Да на старости лет опасается.
А кончалось, конечно же, тем, что:
Не стерпел тут старик,
С колокольни он прыг!
Он к студентам на площадь спускается,
Он и горькую пьет, и ведет хоровод,
И еще кое-чем занимается!
По упоминанию «Исаакия святого» видно, что события песни происходили в Петербурге. Но пели ее, безусловно, не в одном Петербурге и вовсе не только студенты. Студенческие песни вообще в старой России были примерно тем же, что песни экспедиционные – в СССР.
Сотрудники же «Лорелеи», слушая эту песню в летних сумерках, относили ее за счет рабочих, долбивших стены и натягивавших потолки. Правда, неслась эта песня очень часто вовсе не из тех мест, где рабочие что-то ломали или натягивали, а потом как-то незаметно выяснилось, что заключал-то договор русский мастер, но вся остальная бригада состояла из этнических китайцев… Но это выяснилось тоже намного позже.

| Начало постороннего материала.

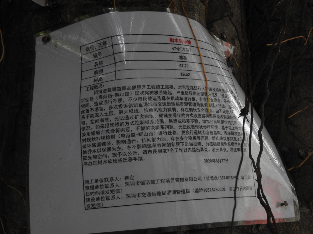 9月11日,市交通運輸局羅湖管理局回應(yīng)表示,稱“經(jīng)核實,百世路西段北側(cè)(畔山路以西)樹木為大葉榕,屬于榕樹的一種,榕樹有多種,如小葉榕、大葉榕、高山榕、垂葉榕等,百世路榕樹現(xiàn)狀根系已確實對人行道造成破壞。”對于其它樹被砍的情況,“僅對影響道路轉(zhuǎn)彎半徑(畔山路右轉(zhuǎn)百世路)的兩棵鳳凰樹遷移砍伐”。并在不影響遮陰的情況下“對北側(cè)過密其他喬木進(jìn)行抽梳”。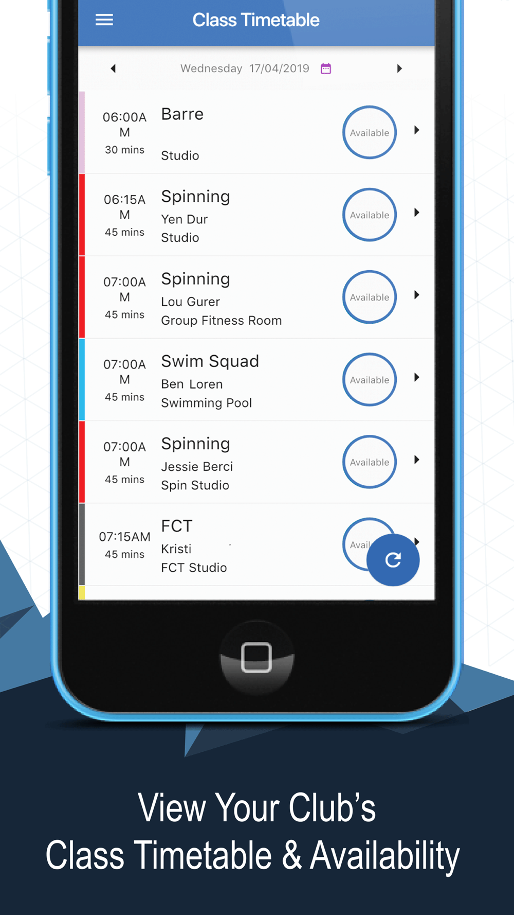 Easily view your gym's full timetable in real time. You can see who's running the class, whether the class is full and quickly secure your spot with the push of a button.
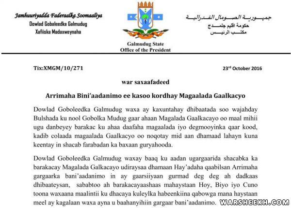Akhri:-Dowlad Goboleedka Galmudug Oo Baaq U Dirtay Beesha Caalamka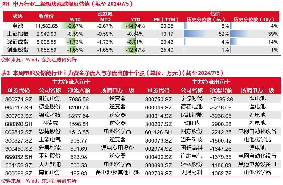 市场表现:上周(7/1-7/7)申万电池板块整体下跌2.67%,跑输沪深300指数1.79个百分点。主力净流入前五为阳光电源、德业股份、锦浪科技、固德威、恩捷股份;净流出前五为宁德时代、德赛电池、亿纬锂能、欣旺达、四方股份。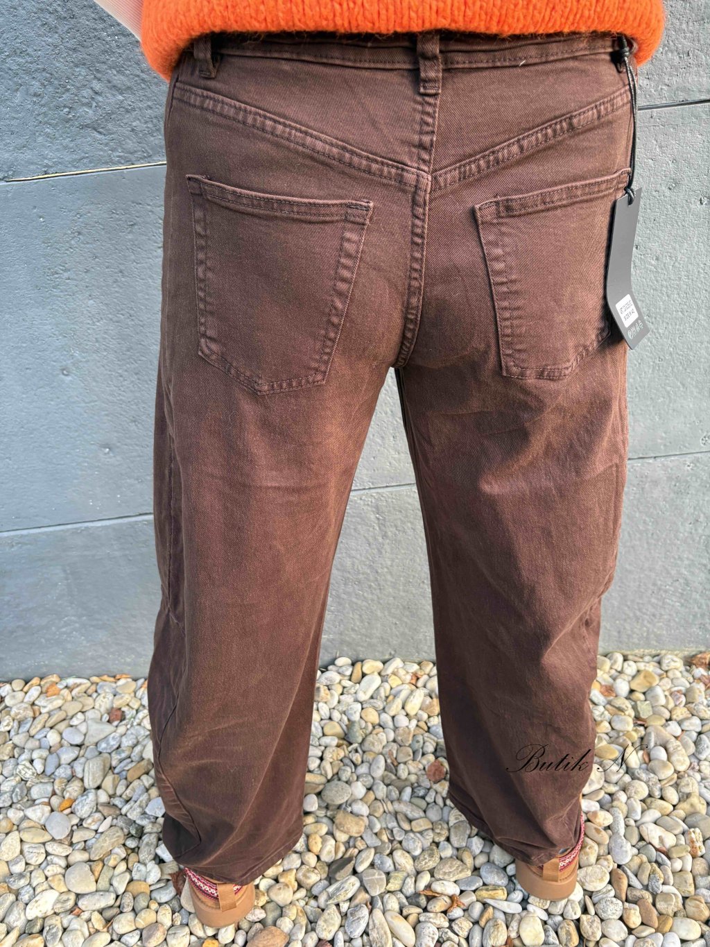 Dokonalé džíny banánového střihu v krásné čokoládové barvě barvě z velmi měkké a pružné džínoviny, s předními i zadními kapsami, zapínáním na zip a knoflík.

А пока что сотрудники, посмеиваясь, делились впечатлениями о поведении Светланы и гадали, кто мог бы быть ее любовником, с удовольствием подпевая лихой старинной песне в золотистых теплых сумерках июня.

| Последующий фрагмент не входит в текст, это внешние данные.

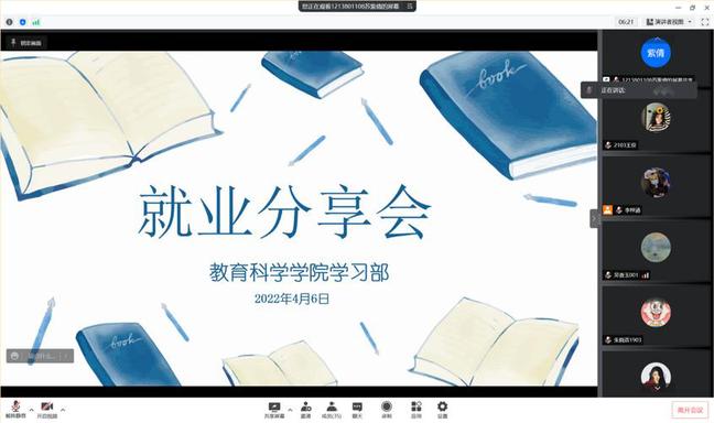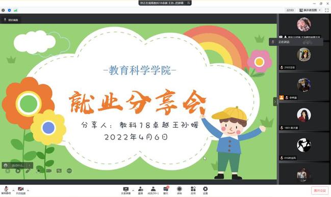 为让同学们进一步了解就业、考研的更多细节,消除疑虑困惑,对未来就业方向进行合理规划,教育科学学院于4月6日晚在线上举办“青春无悔 扬帆起航——就业经验分享会”,本次活动邀请了签约幼儿园、妇幼保健院等单位的18级优秀学生代表作为分享嘉宾,该院各级同学积极参与。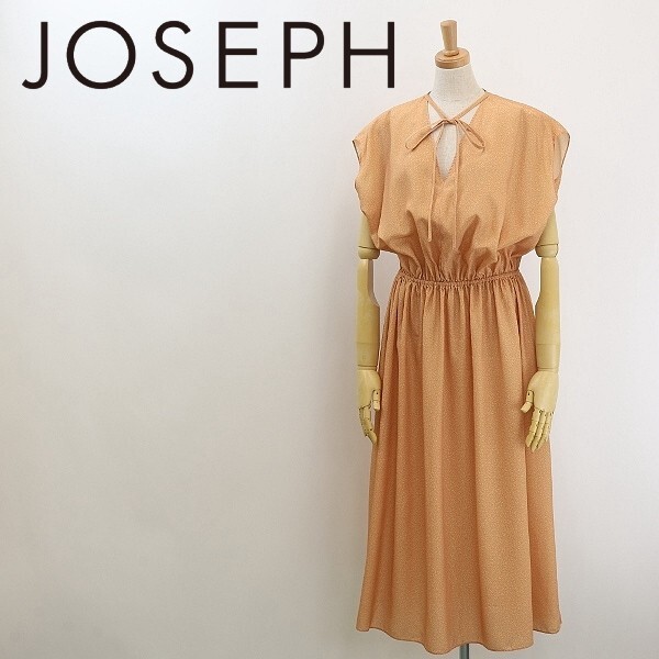 - 【FA209】美品◆JOSEPH ジョゼフ 総柄 リボン フレンチスリーブ ブラウジング ロング ワンピース ライトオレンジ 38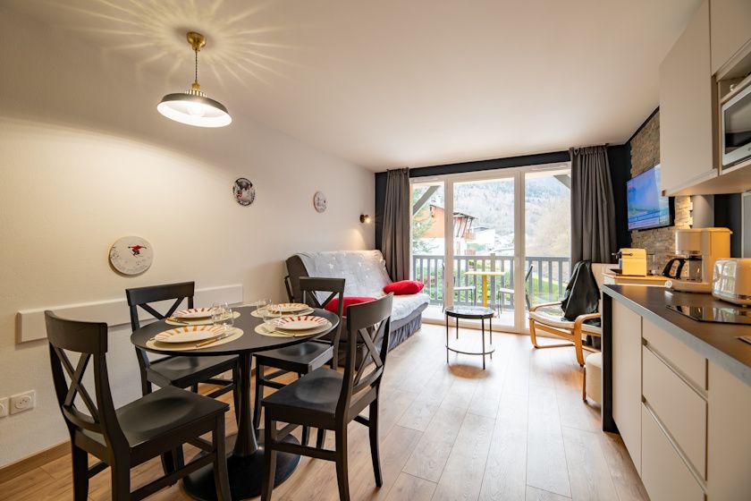 The flat is located in the Résidence Les Rives d'Aure, on the 1st floor with a lift, 1 minute from the thermal baths, the cable car and all the amenities in the town centre.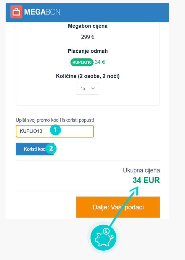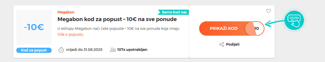U eshopu Megabon naći ćete popuste – 10€ na sve ponude koje imaju odjeljak za unos promo koda. Popust ostvarujete kada uneste kod za popust u košaricu. Iskoristite Megabon kod za popust i kupujte jeftinije.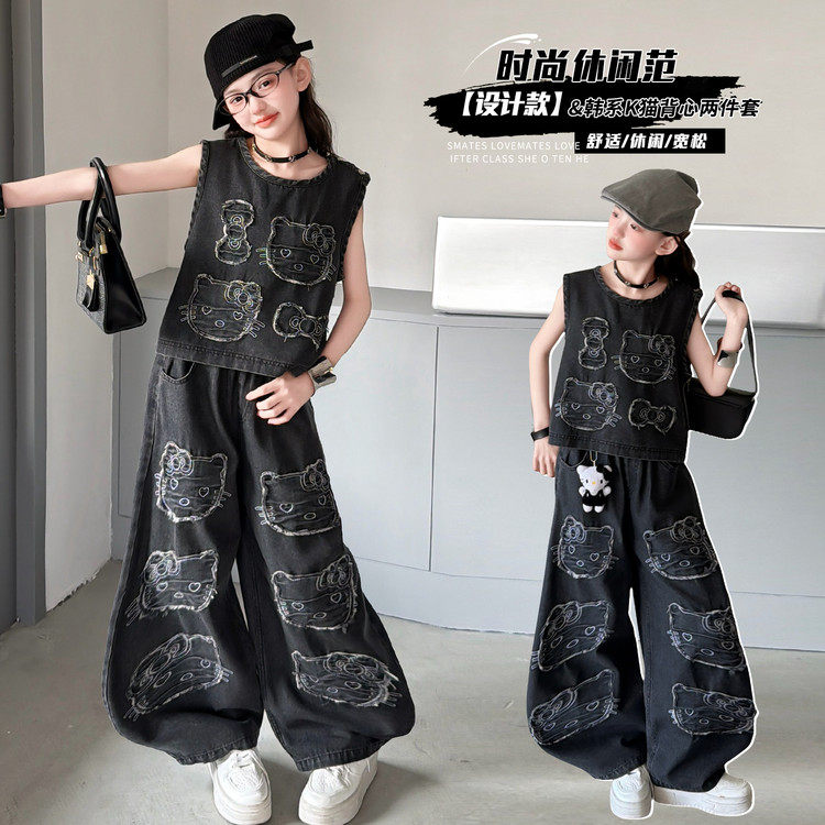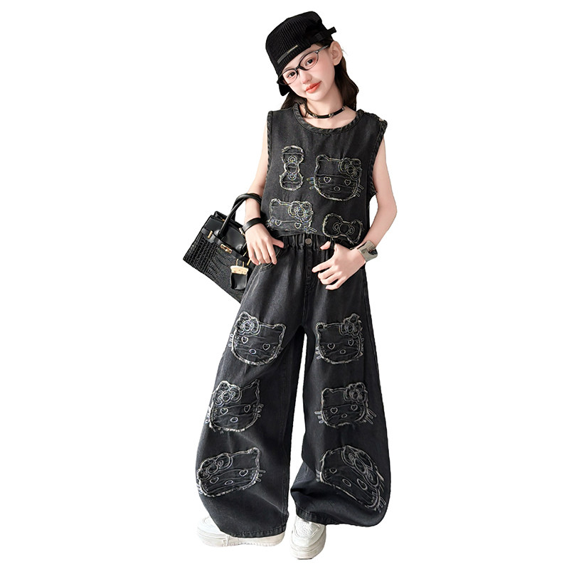 女童卡通猫咪贴补牛仔裤 洋气2026新款 春夏儿童无袖 上衣两件套 套装

Мне даже называли дату, когда это все произошло… Дата запомнилась, потому что именно в этот день несколько сотрудников фирмы вдруг заключили совершенно фантастическую сделку с фирмой «Золотой попугай» и испытали мощную потребность ее отпраздновать. Где? Да конечно же в здании «Лорелеи»! Берем пузыри, и погнали, мужики, погнали!
Стояло часов 11 вечера, когда народ подъехал к старинному зданию, бывшему родовому гнезду Мирсковых.
Улицу перекопали так, что подъехать можно разве что метров за 200, а войти удобнее всего через черный ход, довольно далеко от парадного фасада. Тишина и полумрак невольно навевали желание пройти потише, сесть поскорее в уже отремонтированных комнатах. Двое проникли в здание несколько раньше других и попытались проникнуть в кабинет шефа – в предбаннике кабинета Протерозоя Мезозоевича всегда водились стаканы, вилки и тарелки, и все знали, где их можно взять. Эти двое (назовем их Фановым и Полещуком… ровно потому, что их зовут совсем не так) уже на лестнице уловили странные звуки. Сперва им показалось, что где-то урчит огромных размеров кошка. Потом – что кого-то в кабинете шефа прижали к стенке и душат. Так им, по крайней мере, послышалось.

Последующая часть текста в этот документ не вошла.